How to Cook Porridge?
Rice. A glass of rice – 1.5 cups of water. Cover with a tight lid so that steam does not escape outwards. Boil for exactly 12 minutes. First, cook on high heat for two minutes in – a moderate, in the end on the weak. Do not stir! Then remove the rice from the heat and give the brew as much again.
Buckwheat. In buckwheat do not add sugar, it neutralizes many useful properties of the grains. Also, buckwheat and milk spoils.
Rice. A glass of rice – 1.5 cups of water. Cover with a tight lid so that steam does not escape outwards. Boil for exactly 12 minutes. First, cook on high heat for two minutes in – a moderate, in the end on the weak. Do not stir! Then remove the rice from the heat and give the brew as much again.
Buckwheat. In buckwheat do not add sugar, it neutralizes many useful properties of the grains. Also, buckwheat and milk spoils. Buckwheat is cooked in a 1:2 ratio with water under a tight lid. Once boiling cook a little longer on low heat until completely absorbed water. Stir in the cooking process is not necessary.
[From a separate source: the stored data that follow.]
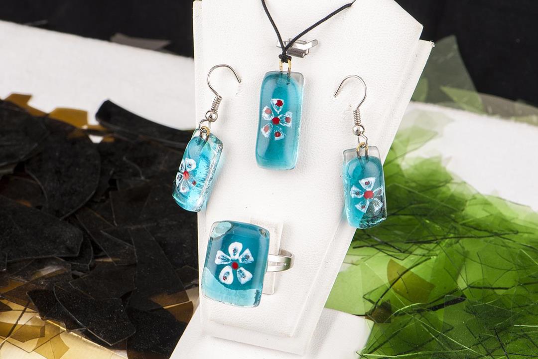 Cam füzyon küpe kolye yüzük seti.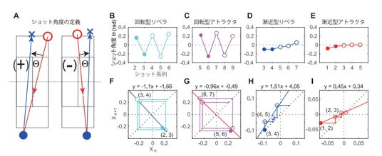 図1 典型的な打球コースの規則性。Aがショット角度の定義。上段(B-E)が打球コースの時系列。下段(F-I)がリターンマップ分析。Fの縦軸と横軸に、Bのショット系列2と3の角度と3と4の角度をそれぞれ異なる2点として、その2点を線で結びました。同じように、C、D、EからG、H、Iを書きました。これらの図から時系列をFからIまでの4つの規則性に分類することができます。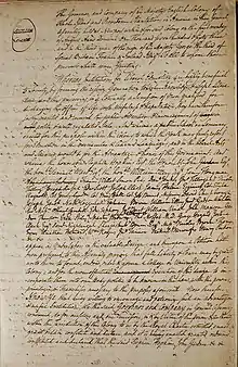 At the time of its creation, Brown's charter was a uniquely progressive document.[31] Other colleges had curricular strictures against opposing doctrines, while Brown's charter asserted, "Sectarian differences of opinions, shall not make any Part of the Public and Classical Instruction." The document additionally "recognized more broadly and fundamentally than any other [university charter] the principle of denominational cooperation."[11] The oft-repeated statement that Brown's charter alone prohibited a religious test for College membership is inaccurate; other college charters were similarly liberal in that particular.[32]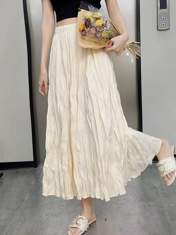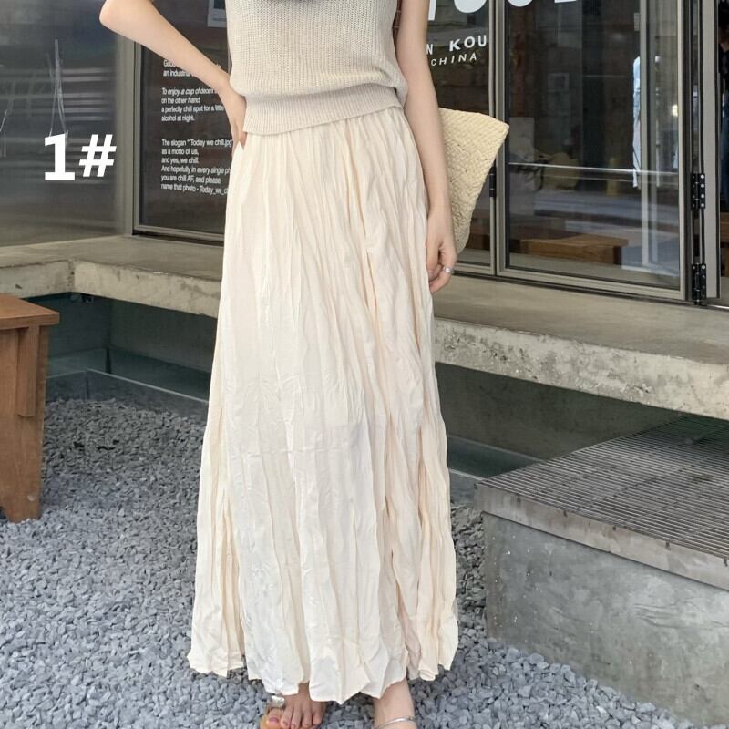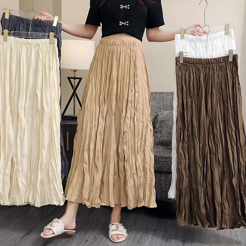 スカート ロングスカート ボトムス ミモレ丈 レディース ゆったり ウエストゴム ハイウエスト 全6色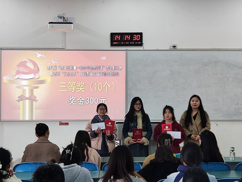 2024年3月13日下午两点,备受瞩目的第八届“绵城正能量暨我心中的思政课”微电影大赛颁奖典礼分会场在安州校区博润楼附303教室隆重举行。此次微电影比赛活动旨在引导员工在日常生活的场景中领会改革开放对于中国实现伟大跨越的重要意义,体会这段由中国人民合力创造的人类发展史奇迹,增强对社会主义核心价值观的理解与认同,鼓励老员工们去发现正能量,传播正能量,从而展现新时代青年老员工的责任与担当。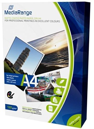 Media Range,- შეკვრა ქაღალდის 100 ცალიანი, A4, 130 გრამიანი, Inkjet Matte, ცალმხრივი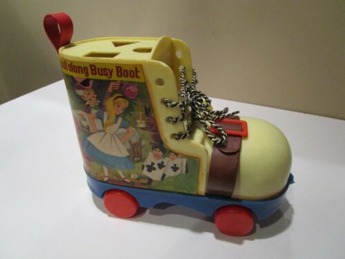 Title (ebay affiliate link): Vintage PLAY & LEARN Pull Along Busy Boot Pull Toy NO. 1005 HONG KONG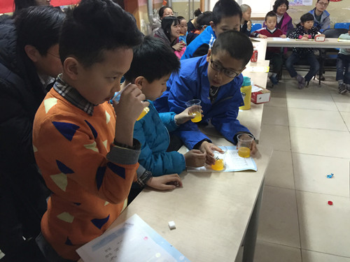 老師將事先調(diào)配好的果汁和從市場(chǎng)購(gòu)買(mǎi)的果汁讓家長(zhǎng)和小朋友們用感官來(lái)鑒別,猜錯(cuò)的還真不少。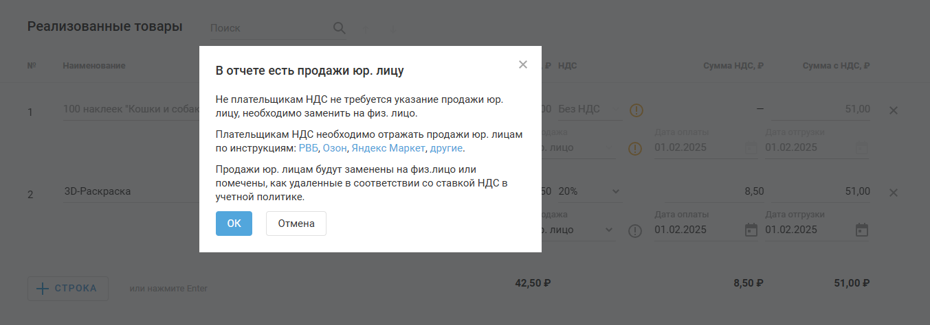 Если в отчёте (в реализации или возвратах) есть продажи юр. лицу:
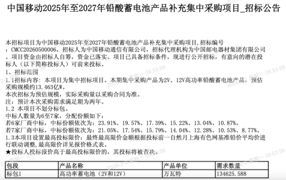 C114讯 2月2日消息(九九)中国移动采购与招标网日前发布2025年至2027年铅酸蓄电池产品补充集中采购项目招标公告,集中采购2V、12V高功率铅酸蓄电池产品,预估采购规模约13.463亿W。预计本次采购需求满足期为两年。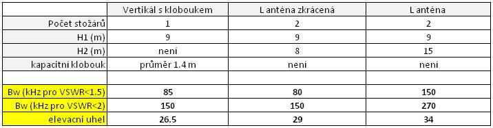Na obrázku vlevo je srovnání vyzařovacího diagramu L antény a vertikálu. Vpravo je vyzařovací diagram vertikálu. Srovnání všech tří antén Srovnání jsem jsem udělal do jednoduché tabulky. Srovnával jsem kromě geometrických parametrů vyzařovací úhel a šířku pásma všech tří antén: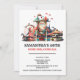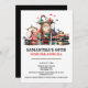 Uma cena de um parque de diversões retrorreflector, com uma tenda de carnaval que tem um grande sinal sobre a entrada dizendo "carnaval" em tons de azul, amarelo, vermelho e branco. Uma pequena torre vermelha acima da tenda nos flagónos e uma roda férris pode ser vista ao fundo. Um quiosque vermelho e listrado branco, em forma de pagode, aparece à esquerda e um cavalo da roda do carrossel. Um quiosque de jogos aparece à direita. Este lindo gráfico ai de aquarela digital é colocado sobre um fundo branco que tem modelos de texto editáveis brancos para sua redação personalizada. Esta ilustração é ideal para uma celebração de festival, carnaval ou circo, seja uma festa de aposentadoria, aniversário, função comercial ou um janto de sentar.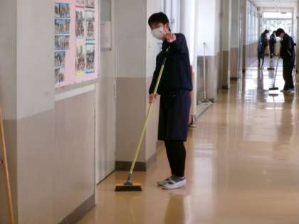 今日明日の2日間、午後の時間を使って、3年生が愛校活動をしてくれます。今日は、3年生の教室と1・2年生フロアの廊下をきれいに掃除し、ワックスをかけてくれました。とてもきれいになり、感謝です。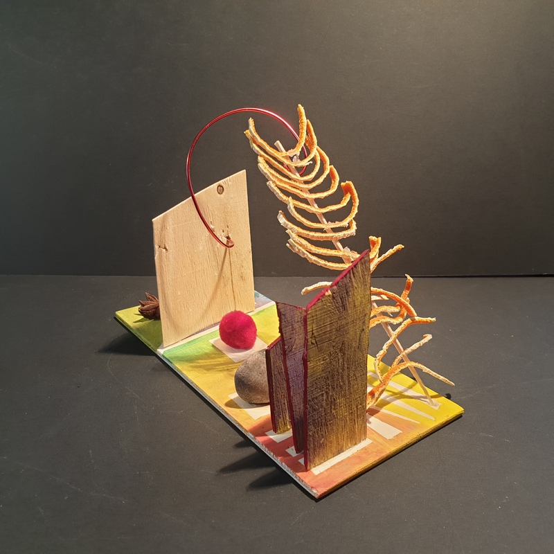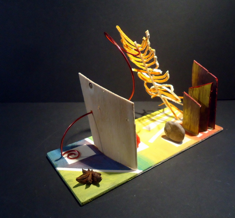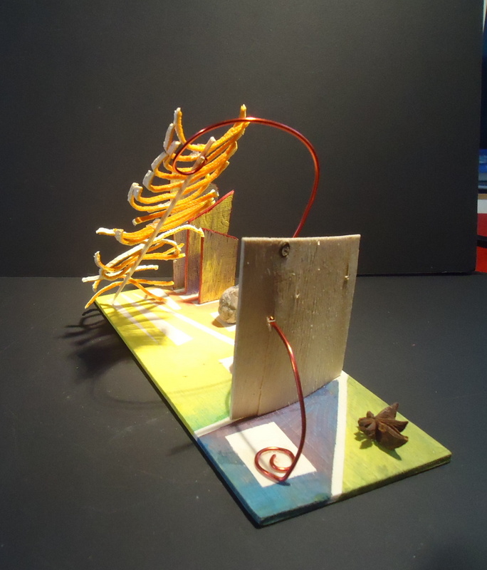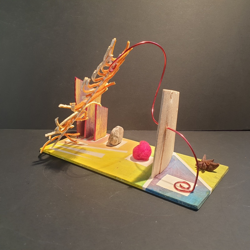 Dans bleu, caillou, carton, couleurs, fil de fer, jaune, matières, orange, resille, rouge, tout, vegetaux, vert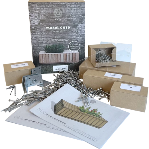 ARKI kittet Model 0619 indeholder arkitekttegnet vejledninger, skruer, beslag, bits og bor, så du kan bygge din egen planteplint. Træ og planteindsats købes separat, og dimensioner og mængder fremgår af kittets vejledning.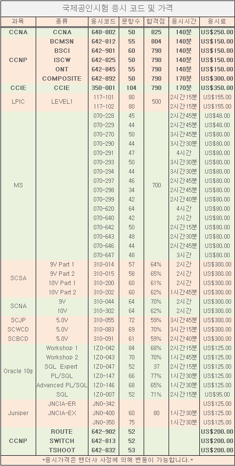 시스코 시험응시 : 프로메트릭 시험센터 & VUE 시험센터 응시 가능 [CCNA, CCNP, CCIE 필기시험]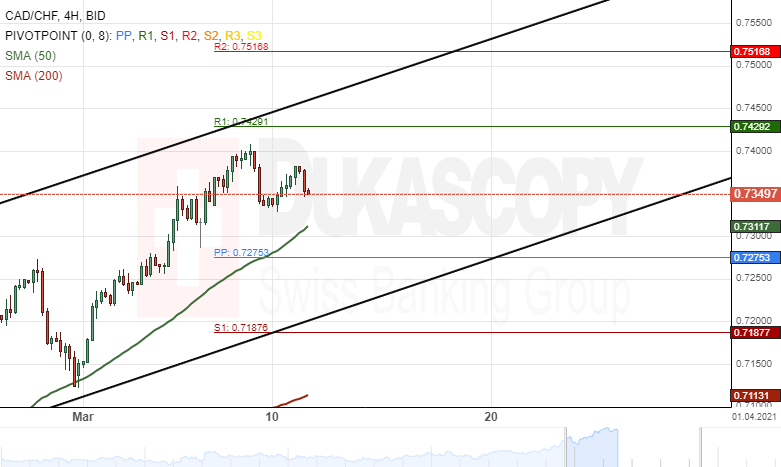 The Canadian Dollar has surged by 4.01% against the Swiss Franc since March 1. The CAD/CHF currency pair tested the 0.7400 level during this week’s trading sessions.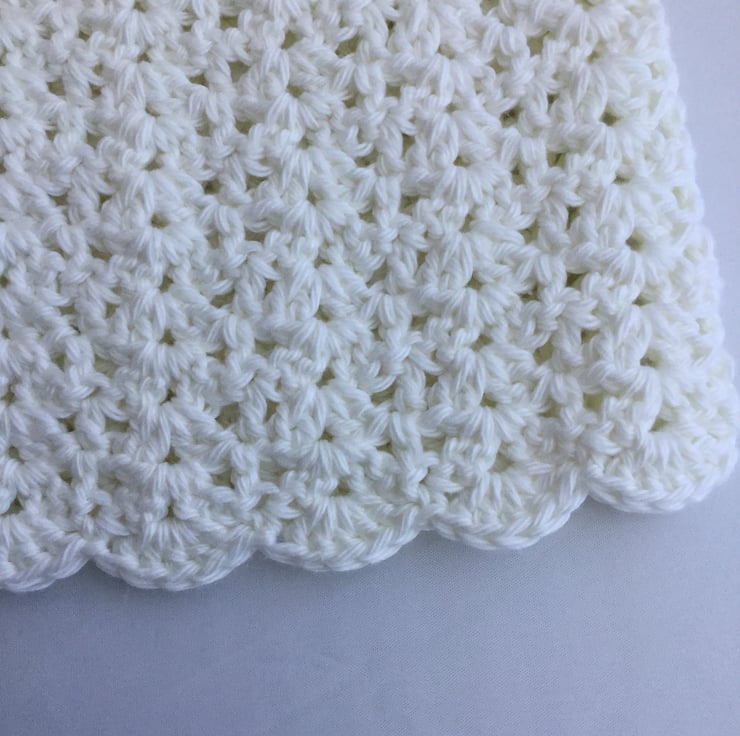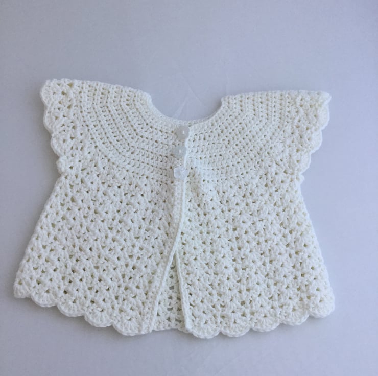 Cardigan fits 18" (46cm) chest actual size 20" (51cm) length from shoulder to bottom of scallop edge 11" (28cm)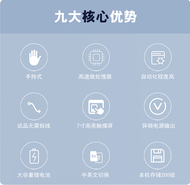 l 仪器使用异频电源输出进行测试,大大提高了现场的抗干扰能力,可在高强度磁场中进行测试而精度不受影响。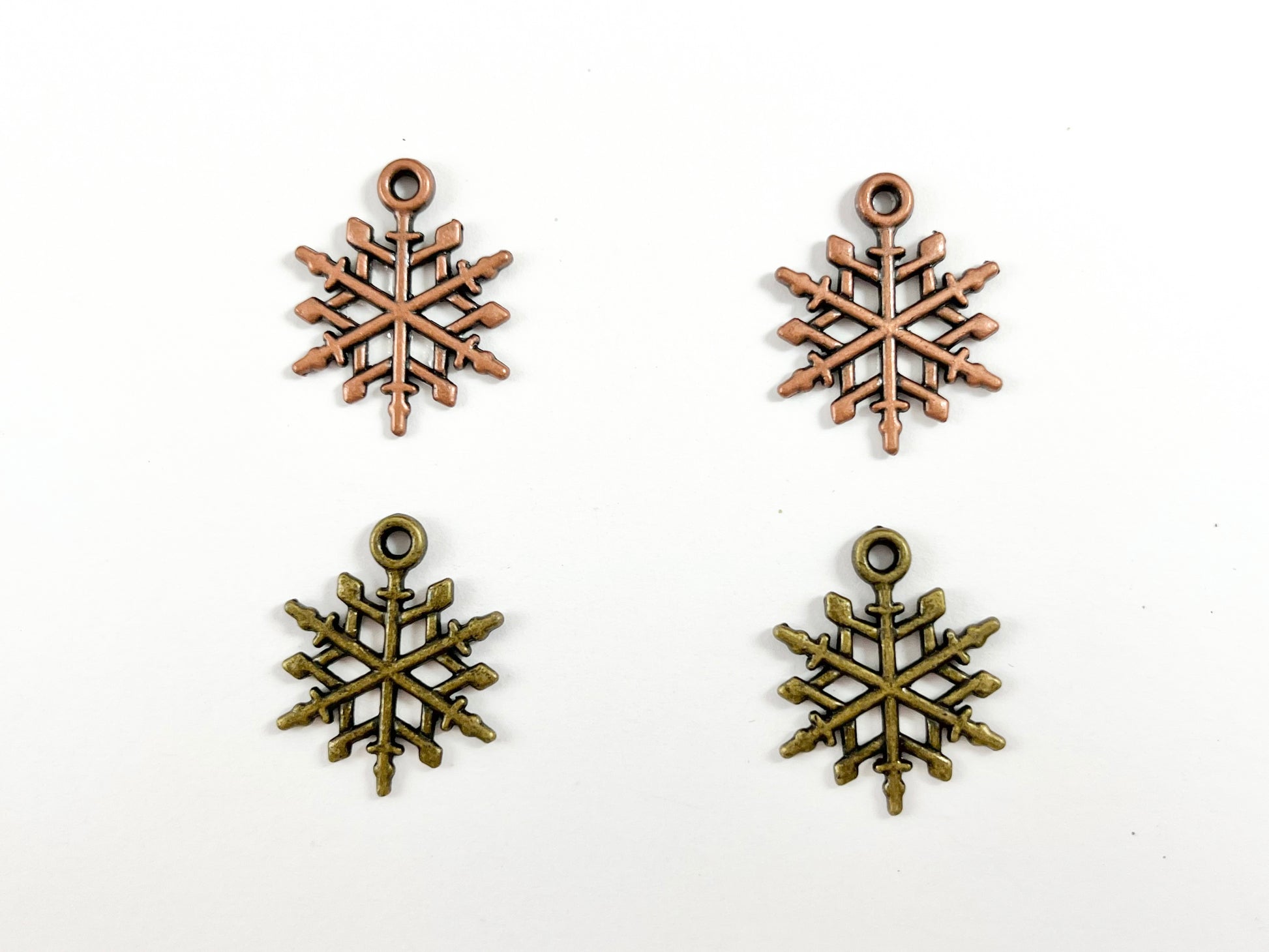 17mm Pewter Christmas Snowflake Charm Holiday Charm in Antique Copper and Brass | Bulk Option Available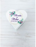 Pretul afisat se refera la o singura cutiuta de verighete si include personalizarea (inlocuire nume miri, data eveniment, mesaj preferat).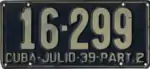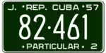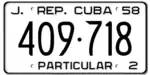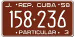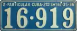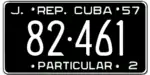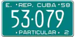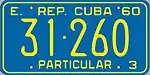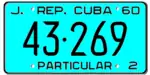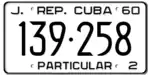 Cuban vehicle registration plates contained three letters and three numbers. The colour of plates is also an important identification element. Ordinary (non-special) licence plates have also a number on the lower central part of the plate ranging from 0 to 9, denoting the type of the vehicle. As of 2016, some of these plates are still in use, but are being phased out. Particular refers to privately owned vehicles. The letter denotes the expiry month: E = Enero (January), J = Julio (July).[3]

Millet. At 2 cup millet – 1 teaspoon salt and 2-3 tbsp. butter. In a saucepan pour in 4 cups of water, put a tablespoon of butter and salt. When the water boils, fill pre-washed millet and cook until thickened. After this mess should be put on an hour for uprevaniya. In porridge ready to put 1-2 tbsp. butter and stir.
All types of cereal – but buckwheat and rice! – You just lay it in boiling water. This improves the taste. Another “grandma” method: Boil until soft mush, drain and add milk, butter and other additives. Leave to swell by wrapping a towel. Rice, barley and Pshenko washed before cooking and warm, even hot water to separate the starch and fat. Any cook porridge with water and warmed milk add just for taste. If the milk should be boiled – Boil separately, but not for long. When boiling milk protein structure breaks down, turning milk into indigestible product. He nepolezen either children or adults. Therefore, the method of cooking oatmeal in the milk directly rooted in the past. However, he recently appeared in the past – our grandmothers, too, milk and cereal are not heated, all meals be well stewed in the oven, and then diluted with milk.
Cream of wheat do not eat more than once a week. Most children love her for the delicate structure, but, unfortunately, semolina more suitable for feeding than feeding, has a minimum and maximum nutrients of starch.
In essence semolina – is a byproduct formed during the manufacture of wheat flour. After grinding is always 2% of small fragments of seeds that are only slightly more flour dust – this is semolina. Fans of semolina do not realize that the market has three types of decoys that are a little different in their harmfulness. The most unprofitable and the most common are made from soft wheat varieties. She indicated on the package code “brand M” or simply the letter “M”, there is little talking to the buyer. The best semolina, but not always the most delicious, made from durum wheat and designated by the letter “T”. A semolina with “MT” on the packaging – not that nor the other, a mixture of soft and hard wheat (the latter must be at least 20%). Why do we have invented such an incomprehensible consumer labeling can only guess. But moreover, even this information on the packaging is often not indicated.
Unwholesome properties semolina preferably not aggravate the wrong cooking. Cook it less than a minute, then allowed to swell for 15-20 minutes, so she did not continue to swell in the stomach of the child.
What can be added to any mess:
Spices: Anise, anisetree, cinnamon, vanilla or pinch of barberry. Put into porridge marmeladku – it will improve the taste and enrich the dish pectin. Peel of citrus peel and mash make it into powder, zest fine perfumes mess. Also classically add dried fruit, honey and vegetables. Buckwheat is combined with beetroot and absolutely any other vegetables.